As he now felt certain, however, that William Delaware was in the same city with himself, he resolved to wait on in Paris; and, if the message he had left proved vain, to endeavour once more to discover his dwelling by other means.
CHAPTER VI.
Henry Beauchamp was, beyond all doubt, by nature an impatient man; but, for the first five-and-twenty years of his life, his impatience had found so little in his state or situation whereon to work, that it had gone lame for want of exercise. Nature--notwithstanding Locke--had given him a store of noble feelings, and education had added thereto a store of good principles; and, with all this to guard him against evil desires, he had found little in the world to wish for that his fortune or influence had not enabled him to obtain with ease: thus he was only now beginning to find matters whereon to exercise the virtue of patience.
On the third day after his visit to the jeweller's, he began to find that his stock was nearly exhausted, and likewise to contemplate paying another visit to the shop where he had first obtained this clue, as he hoped it would prove, for discovering the residence of William Delaware. Indeed, he would have pursued that course at once, had he not feared that his anxiety on the subject might excite suspicion, and cause some annoyance to the object of his search. This reflection, though it did not keep him from going near the jeweller's house more than once in the course of the day, did prevent him from venturing into it.
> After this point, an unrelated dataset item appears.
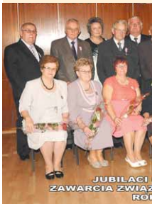
JUBILACI 60 I 50 LECIA ZAWARCIA ZWIĄZKU MAŁŻEŃSKIEGO ROK 2012

His equanimity, however, was gone; and, whether it arose from his late attack of fever, or from the air of Paris in the first days of November, or from disappointment and vexation, I cannot tell; but certain it is, he viewed every thing in the darkest side, and began to revolve the prospect of losing Blanche Delaware for ever, just at the moment that he had found new hopes of having her heart in his favour.
The consolatory process of dining did nothing for him; and, as seven o'clock chimed on the third day, the whole array of dinner was removed, the courier stationed as before in the anteroom, with strict orders given to admit no one but the person described, and, as soon as he was admitted, to retire, and leave his master and the stranger alone. Eight o'clock came, Beauchamp ordered coffee, and took a book; but, though he gazed with an involuntary smile upon the grotesque drawings stitched into the Roi de Boheme no word could be read of the letterpress. He tried the eloquent nonsense of Chateaubriand, but it was as unpalatable as the satirical nonsense of Nodier; and, casting away the books, he gave the matter up in despair, abandoning himself to the contemplation of the pictures in the wood fire.
At length the door of the anteroom was heard to open, and the voice of some one speaking to the courier reached Beauchamp's ear; but the door shut again, the intruder descended the stairs, and all was silent once more. The moment after, however, the same sounds were repeated; the door of the saloon also was thrown wide by the servant, who uttered, at the same time, the pleasant words of, "Here is the gentleman you expected, sir!"
Beauchamp started up as the visiter entered; but what was his surprise to see--not the features of Captain Delaware--but those of Walter Harrison, or Sailor Wat, as he had been called at Emberton, and who was certainly too nearly connected with one part at least of his long and hitherto unsuccessful search, to be beheld without emotion. Beauchamp and the young sailor gazed at each other for a moment without speaking; and even the courier--doubtful, from the astonishment evident in his master's countenance, whether he had admitted the right person--stood at the door for a moment, and stared at them both in turn.
He soon received a sign, however, to depart; and, closing the door, he left Beauchamp and the sailor alone.
"This is a strange visit, certainly!" said Beauchamp, flinging himself into a chair, and gazing in some perplexity upon the countenance of Wat Harrison, which was pale, worn, and haggard, in a frightful degree. "This is a strange visit enough, certainly!"